As you can see (in my edited messages above), I can do both user space and kernel space traces in a relatively controlled environment. I've done traces on both alpine linux 3.4 and ubuntu 16.04, the behaviour is the same.

I can do more tracing and debugging if you need me to. Right now I think I've reached the limit of my knowledge, so I'll need instructions or assistance for anything more complicated than ftrace/strace/tcpdump.

randunel commented 8 years ago

Docker's libnetwork has a hard limit of 100 concurrent dns requests.

It would appear that this is the cause of EAI_AGAIN, docker logs even show More than 100 concurrent queries from [...].

While this limit is extremely low and non-configurable, network congestion also affects how quickly that limit is reached.
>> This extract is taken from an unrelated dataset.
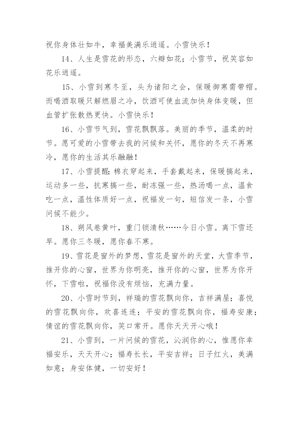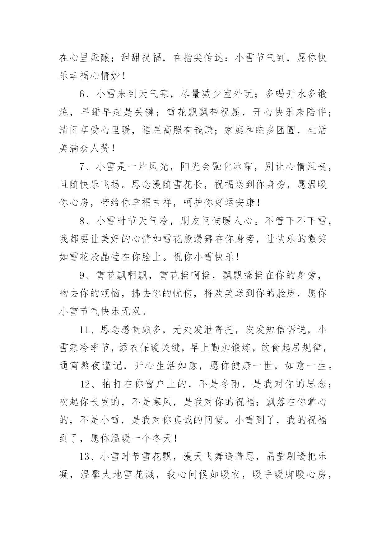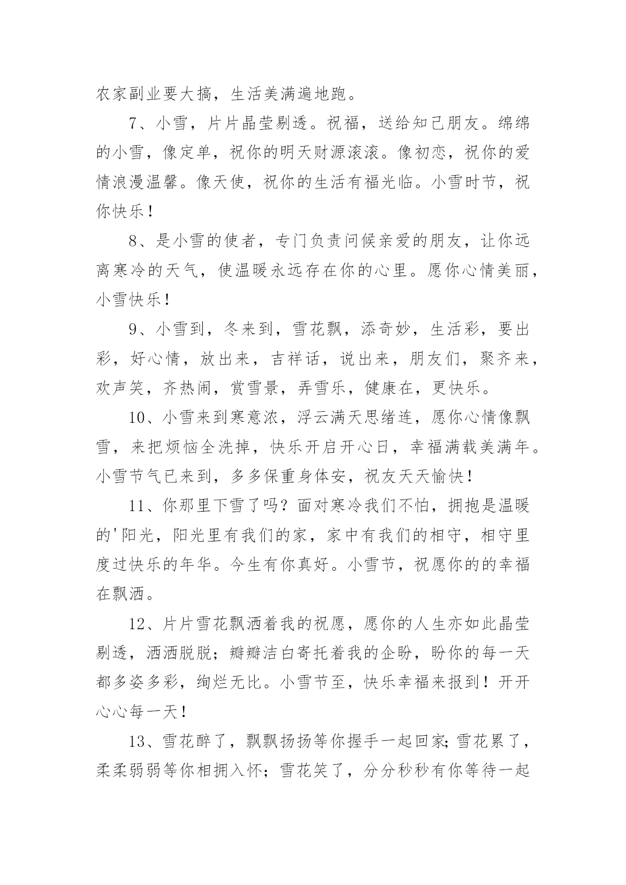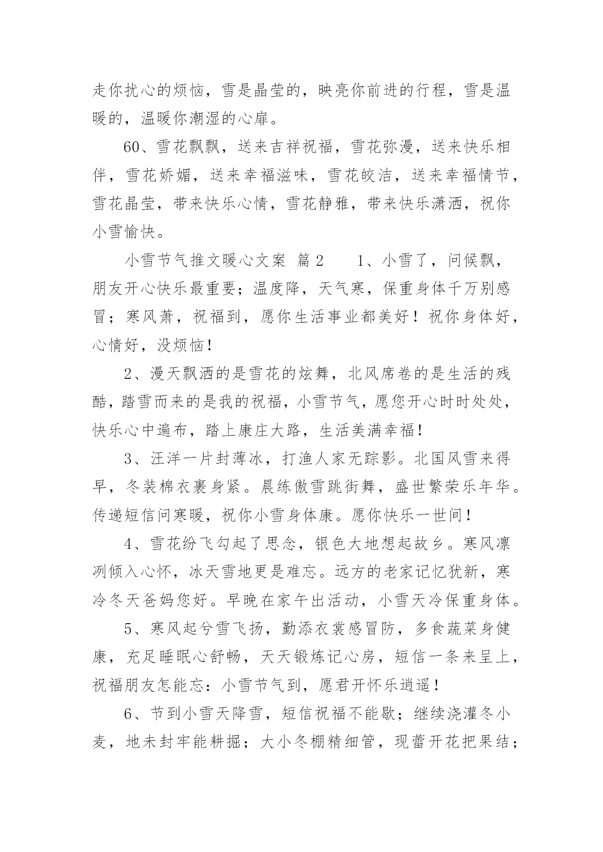 小雪节气推文暖心文案小雪节气推文暖心文案大全随着社交网络和信息技术的飞速发展,越来越多人会在朋友圈发布文案,文案对人们的思维是有一定的感性作用的。那什么样的文案才是经典的呢?以下是小编帮大家整理的小雪节气推文暖心文案,希望对大家有所帮助。小雪节气推文暖心文案篇11、裹着洁白的祝福,我从快乐天堂飘然而至,为你带来最冰清玉洁的祝福,愿你在这个寒冷的时节感受到幸福的温暖。请记住,我的名字叫“小雪”。2、用热情将冰雪融化,用真心将北风拦下。岁月如沙,小雪似花,我将幸福的阳光裹进电波里,让快乐的祝福钻进你心里,温暖你的冬季,美丽你的心情。3、抬头看天空,雪花们正在空中翩翩起舞。我踩在雪地上,一个人置身于这一片白茫茫的景象当中,仿佛来到了天堂,脚下是软软的白云,身边是可爱而纯洁的小精灵。我用我在学校学的舞蹈跟这些小精灵们跳起了舞。4、冬天是这样来的,踏雪而至;雪是这样下的,纷纷扬扬;短信是这样发的,雪中送炭;情意是这样深的,地久天长。朋友,下雪了,注意防寒。5、朵朵白云,在空中悠荡;阵阵寒风,在身边徜徉;片片雪花,在风中飞扬;浓浓情谊,在心底珍藏;绵绵思念,在心里酝酿;甜甜祝福,在指尖传达:小雪节气到,愿你快乐幸福心情妙!6、小雪来到天气寒,尽量减少室外玩;多喝开水多锻炼,早睡早起是关键;雪花飘飘带祝愿,开心快乐来陪伴;清闲享受心里暖,福星高照有钱赚;家庭和睦多团圆,生活美满众人赞!7、小雪是一片风光,阳光会融化冰霜,别让心情沮丧,且随快乐飞扬。思念漫随雪花长,祝福送到你身旁,愿温暖你心房,带给你幸福吉祥,呵护你好运安康!8、小雪时节天气冷,朋友问候暖人心。不管下不下雪,我都要让美好的心情如雪花般漫舞在你身旁,让快乐的微笑如雪花般晶莹在你脸上。祝你小雪快乐!9、雪花飘啊飘,雪花摇啊摇,飘飘摇摇在你的身旁,吻去你的烦恼,拂去你的忧伤,将欢笑送到你的脸庞,愿你小雪节气快乐无双。11、思念感慨颇多,无处发泄寄托,发发短信诉说,小雪寒冷季节,添衣保暖关键,早上勤加锻炼,饮食起居规律,通宵熬夜谨记,开心生活如意,愿你健康一世,如意一生。12、拍打在你窗户上的,不是冬雨,是我对你的思念;吹起你长发的,不是寒风,是我对你的祝福;飘落在你掌心的,不是小雪,是我对你真诚的问候。小雪到了,我的祝福到了,愿你温暖一个冬天!13、小雪时节雪花飘,漫天飞舞透着思,晶莹剔透把乐凝,温馨大地雪花溅,我心问候如暖衣,暖手暖脚暖心房,祝你身体壮如牛,幸福美满乐逍遥。小雪快乐!14、人生是雪花的形态,六瓣如花;小雪节,祝笑容如花乐逍遥。15、小雪到寒冬至,头为诸阳之会,保暖御寒需带帽。而喝酒取暖只解燃眉之冷,饮酒可使血流加快身体变暖,但血管扩张散热更快。小雪快乐!16、小雪节气到,雪花飘飘落。美丽的季节,温柔的时节。愿可爱的小雪带去我的问候和关怀,愿你的冬天不再寒冷,愿你的生活其乐融融!17、小雪提醒:棉衣穿起来,手套戴起来,保暖搞起来,运动多一些,抗寒搞一些,耐冻强一些,热汤喝一点,温食吃一点,温性体质好一点,祝福发一句,短信发一条,小雪问候不能少。18、朔风卷黄叶,重门锁清秋……今日小雪。离下雪还早。愿你三冬暖,愿你春不寒。19、雪花是窗外的梦想,雪花是窗外的天堂,大雪季节,推开你的心窗,世界为你明亮,推开你的心窗,世界为你开怀,下雪啦,祝福你没有烦恼,充满力量。20、小雪时节到,祥瑞的雪花飘向你,吉祥满屋;喜悦的雪花飘向你,欢喜连连;平安的雪花飘向你,福寿安康;情谊的雪花飘向你,笑口常开。愿你天天开心哦!21、小雪到,一片问候的雪花,沁润你的心,惟愿你幸福安乐,天天开心;福寿长长,平安吉祥;日子红火,美满如意;身安体健,一切安好!22、小雪轻轻飘呀飘,捎来祝福一串串:一祝你身体倍棒能耐寒,二祝你工作顺利能力升,三祝你夫妻恩爱能性福,四祝你家庭和睦暖融融,五祝你高朋满座乐开怀!23、小雪北风寒,棉粮油料快收完,收完回家暖一暖。油菜定植麦续播,贮足饲料莫迟延,迟延寒风影无踪。合家幸福喜来充,生活美满乐其中。24、每一份祝福我都塞得满满的,每一个祝愿我都添得实实的,每一句问候我都烘得暖暖的,小雪到了,给你最暖的问候,望你如意相随,给你最实的祝愿,盼你幸福相伴,送你最满的祝福,愿你小雪快乐。25、山顶上积雪未融,如白银宫阙;向阳的山头上冒着乳白色的烟雾,缭绕,蒸腾,汇集成云朵,澹澹的几朵白云,一半镶在天空中,一半粘在山峰上,似乎是个安琪儿,展开了一幅冰绡,更替这山加冕。26、冰冷时节不冰冷,雪花飘飘送温情,北风时节情不北,温暖祝福来相随,随雪快乐随雪喜,幸福弄雪乐无极,雪花飘飘好生活,幸福快乐无限多,祝你小雪快乐,幸福无敌。27、当雪花飘满人间,当世界皎洁一片,当纯洁填满心田,当激动溢出容颜,当思念再次飘远,祝福你已成必然,幸福的味道,快乐的口号,愿你小雪万事美好。28、

It looks like we're reaching the 100-concurrent-dns-requests-limit as a consequence of slow network (100+ dns requests which take >1 second to complete) and that is cause of the errors we're seeing. I don't yet know the cause of network slowness, probably just above average usage and #7857.

Related issue: #22185

sanimej commented 8 years ago

@randunel The limit of 100 concurrent queries was added in 1.11 release. In your test its possible you are hitting it when the DNS resolutions are slow. But first reporters of this EAI_AGAIN issue were using pre 1.11 releases. So I am not sure if the rate limiting of concurrent queries is the main root cause here.

blacktop commented 8 years ago

I have a networking noob question. Can I capture traffic inside docker as fast as outside of docker?

docker run --net=host tcpdump

Should I expect dropped packets and if so is there anything I can do to not? I have an application that needs to capture as fast as possible.

Thank you.

thaJeztah commented 8 years ago

@blacktop please do not ask unrelated questions on the issue tracker; for questions/discussions about using docker, try forums.docker.com, or the #docker IRC channel. The GitHub issue tracker is for tracking bugs.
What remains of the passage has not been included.